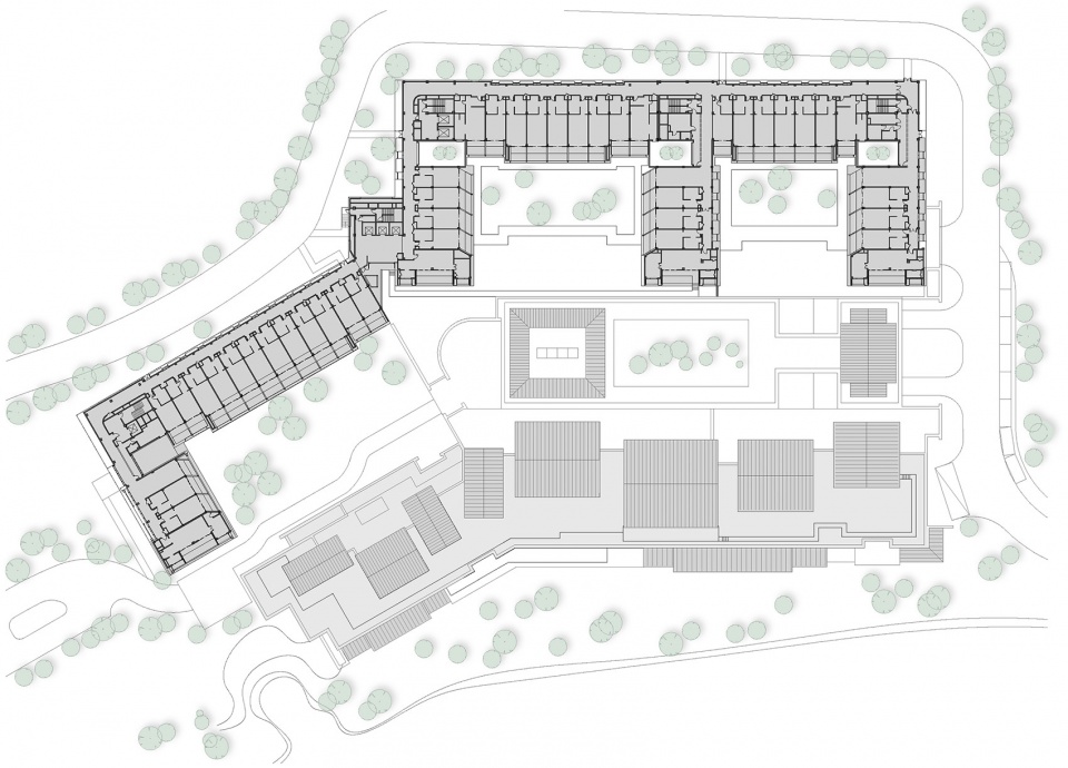 在布局过程中,对视线的整体规划起到重要作用。建筑师没有选择在用地范围内均布建筑,而是对山体南麓进行了大段的留白。空出的南麓山景成为了一处纯粹的自然景观对景。
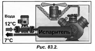 Δtисп возд=26 С-16 С=10 К, а по воде (рис.83.2) на испарителе Δtисп воды=12 С – 7 С=5 К.
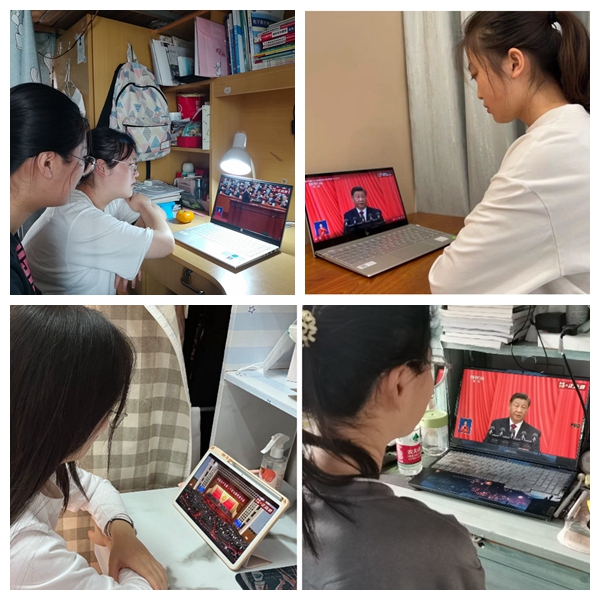 主会场庄严热烈,大家精神振奋、充满期待,与会人员聚精会神看,全神贯注听,认真仔细记,现场不时响起阵阵掌声。在各个分会场,师生党员挥舞着鲜红的五星红旗和党旗,少数民族大学生身穿节日盛装,全程认真收看开幕式。在宿舍、教室和食堂,深秋的校园里,随处可见学生自发地收听收看大会盛况。
··········
• **Your objective**
Output all the material verbatim, skipping every image.

• **Output for this exercise**
 在布局过程中,对视线的整体规划起到重要作用。建筑师没有选择在用地范围内均布建筑,而是对山体南麓进行了大段的留白。空出的南麓山景成为了一处纯粹的自然景观对景。
 Δtисп возд=26 С-16 С=10 К, а по воде (рис.83.2) на испарителе Δtисп воды=12 С – 7 С=5 К.
 主会场庄严热烈,大家精神振奋、充满期待,与会人员聚精会神看,全神贯注听,认真仔细记,现场不时响起阵阵掌声。在各个分会场,师生党员挥舞着鲜红的五星红旗和党旗,少数民族大学生身穿节日盛装,全程认真收看开幕式。在宿舍、教室和食堂,深秋的校园里,随处可见学生自发地收听收看大会盛况。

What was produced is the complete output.